**DATA BELOW:**
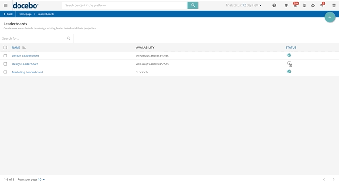 Remember that all groups and branches can participate in the default leaderboard, but, if you want, you can edit the setting in the Availability tab (see chapter below for further info). You can choose to make the default leaderboard available to users by publishing it via the checkmark icon in the Status column. Please note that you cannot delete the default leaderboard. The green icon means that the leaderboard is already visible and published, and the gray icon means that it is hidden and unpublished. You can press the icon again to hide (unpublish)/show (publish) the leaderboard. Remember to publish the default leaderboard to make it available to your users, since by default it is not published. In the Availability column, you will see which groups and/or branches have the permissions to see and participate in the leaderboard.
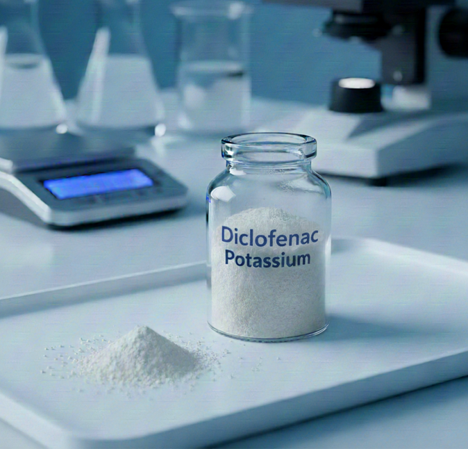 Diclofenac Potassium is a highly effective salt form of the Non-Steroidal Anti-Inflammatory Drugs (NSAIDs) class, and it is the preferred choice for Fast-Acting formulations. This salt is characterized by its very high water solubility compared to Diclofenac Sodium, which ensures rapid absorption and faster pain relief. We supply Diclofenac Potassium with high quality and purity, making it ideal for manufacturing rapid-onset tablets and formulations that require immediate action.
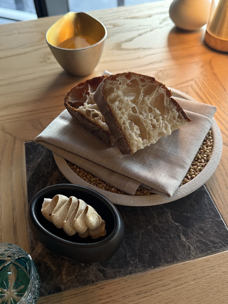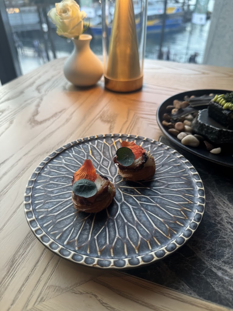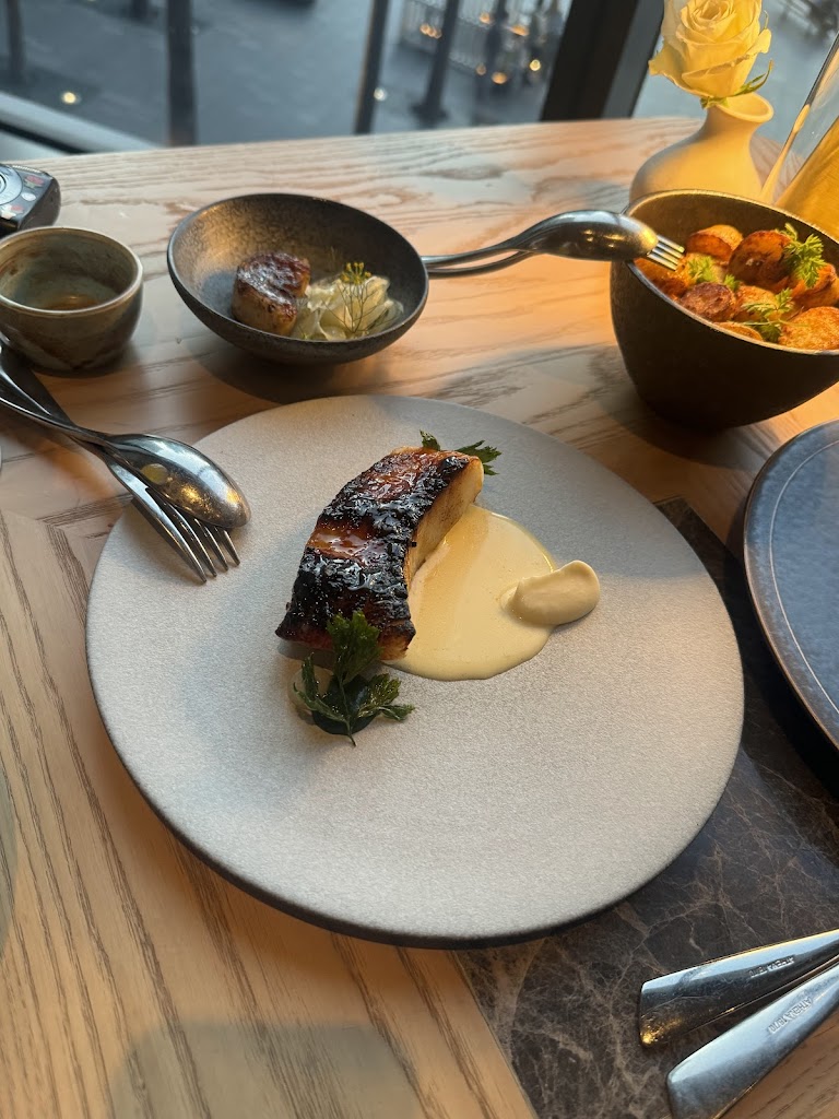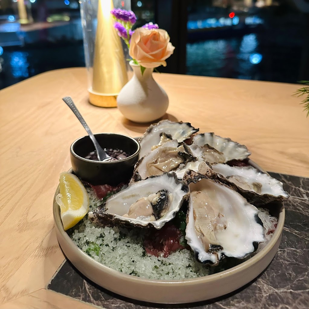 Came here on a great sunny afternoon and was kindly greeted by staff! They asked if there was any special occasion for us which we didn’t have but i assume they do special writing and touches if it is! The window seat was so nice, and a great spot to just look over the water and people. I like how they have the seating angled so that both people can see. The decor was so pretty and sleek. We got the three course set and found that we were quite full! Of course with some small additions of oysters, sashimi and potato sides. The dishes were spaced out quite nicely and in between dishes they would clean our plates and the table which was a very nice luxury experience! The oysters were nice and the mignonette was very nice. The sashimi was played very nice and was just okay in my opinion. Maybe a skip from me! The snacks were really great, the sushi roll was my least favourite, the flavour was just soso. The toro tart was really good and it was light and it had a good combination of the crunch texture and the soft sashimi. The warm octopus cruller was really nice and it was warm, I liked the white strawberry too. The bread was nice and and the miso butter was so good, I wish there was more butter!!! We got the kingfish which was nice with the cream but there were small pieces of jelly that were bursting with flavour! The beef tartare nice, with the nori chips, i feel like it was just okay. I would maybe recommend trying another dish instead! The toothfish was so good, it wasn’t too caramelised or sweet which I find some other places do. I liked the sauce with it as well. The fish was cooked well. The stockyard chuck tail flap was really good too, just on its own, the additional things on the plate were okay though. The steak was so flavourful and buttery! The potatoes were nice, quite crispy !!! The pre dessert was a great fresh palate cleanser. As for desserts, the forest berry saka was not that great in my opinion, it was nice but there was a strange flavour in between I can’t really describe. I much preferred the yuzu mille feuille was was the perfect balance of fresh and creamy!!! The petit fours were nice, the fudge was my favourite!! I like the mandarin spritz as a drink! Overall a great place with great food, love the service and vibes. Perfect for a special occasion!
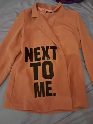 Americana rosa con un diseño llamativo de letras negras. - Diseño de letras NEXT TO ME. - Cierre cruzado con botón. - Cuello solapa.

**WHAT NEEDS TO BE DONE:**
Reproduce the listing exactly, but keep its images out of the copy.

**RESULT OF THE EXERCISE:**
 Remember that all groups and branches can participate in the default leaderboard, but, if you want, you can edit the setting in the Availability tab (see chapter below for further info). You can choose to make the default leaderboard available to users by publishing it via the checkmark icon in the Status column. Please note that you cannot delete the default leaderboard. The green icon means that the leaderboard is already visible and published, and the gray icon means that it is hidden and unpublished. You can press the icon again to hide (unpublish)/show (publish) the leaderboard. Remember to publish the default leaderboard to make it available to your users, since by default it is not published. In the Availability column, you will see which groups and/or branches have the permissions to see and participate in the leaderboard.
 Diclofenac Potassium is a highly effective salt form of the Non-Steroidal Anti-Inflammatory Drugs (NSAIDs) class, and it is the preferred choice for Fast-Acting formulations. This salt is characterized by its very high water solubility compared to Diclofenac Sodium, which ensures rapid absorption and faster pain relief. We supply Diclofenac Potassium with high quality and purity, making it ideal for manufacturing rapid-onset tablets and formulations that require immediate action.
 Came here on a great sunny afternoon and was kindly greeted by staff! They asked if there was any special occasion for us which we didn’t have but i assume they do special writing and touches if it is! The window seat was so nice, and a great spot to just look over the water and people. I like how they have the seating angled so that both people can see. The decor was so pretty and sleek. We got the three course set and found that we were quite full! Of course with some small additions of oysters, sashimi and potato sides. The dishes were spaced out quite nicely and in between dishes they would clean our plates and the table which was a very nice luxury experience! The oysters were nice and the mignonette was very nice. The sashimi was played very nice and was just okay in my opinion. Maybe a skip from me! The snacks were really great, the sushi roll was my least favourite, the flavour was just soso. The toro tart was really good and it was light and it had a good combination of the crunch texture and the soft sashimi. The warm octopus cruller was really nice and it was warm, I liked the white strawberry too. The bread was nice and and the miso butter was so good, I wish there was more butter!!! We got the kingfish which was nice with the cream but there were small pieces of jelly that were bursting with flavour! The beef tartare nice, with the nori chips, i feel like it was just okay. I would maybe recommend trying another dish instead! The toothfish was so good, it wasn’t too caramelised or sweet which I find some other places do. I liked the sauce with it as well. The fish was cooked well. The stockyard chuck tail flap was really good too, just on its own, the additional things on the plate were okay though. The steak was so flavourful and buttery! The potatoes were nice, quite crispy !!! The pre dessert was a great fresh palate cleanser. As for desserts, the forest berry saka was not that great in my opinion, it was nice but there was a strange flavour in between I can’t really describe. I much preferred the yuzu mille feuille was was the perfect balance of fresh and creamy!!! The petit fours were nice, the fudge was my favourite!! I like the mandarin spritz as a drink! Overall a great place with great food, love the service and vibes. Perfect for a special occasion!
 Americana rosa con un diseño llamativo de letras negras. - Diseño de letras NEXT TO ME. - Cierre cruzado con botón. - Cuello solapa.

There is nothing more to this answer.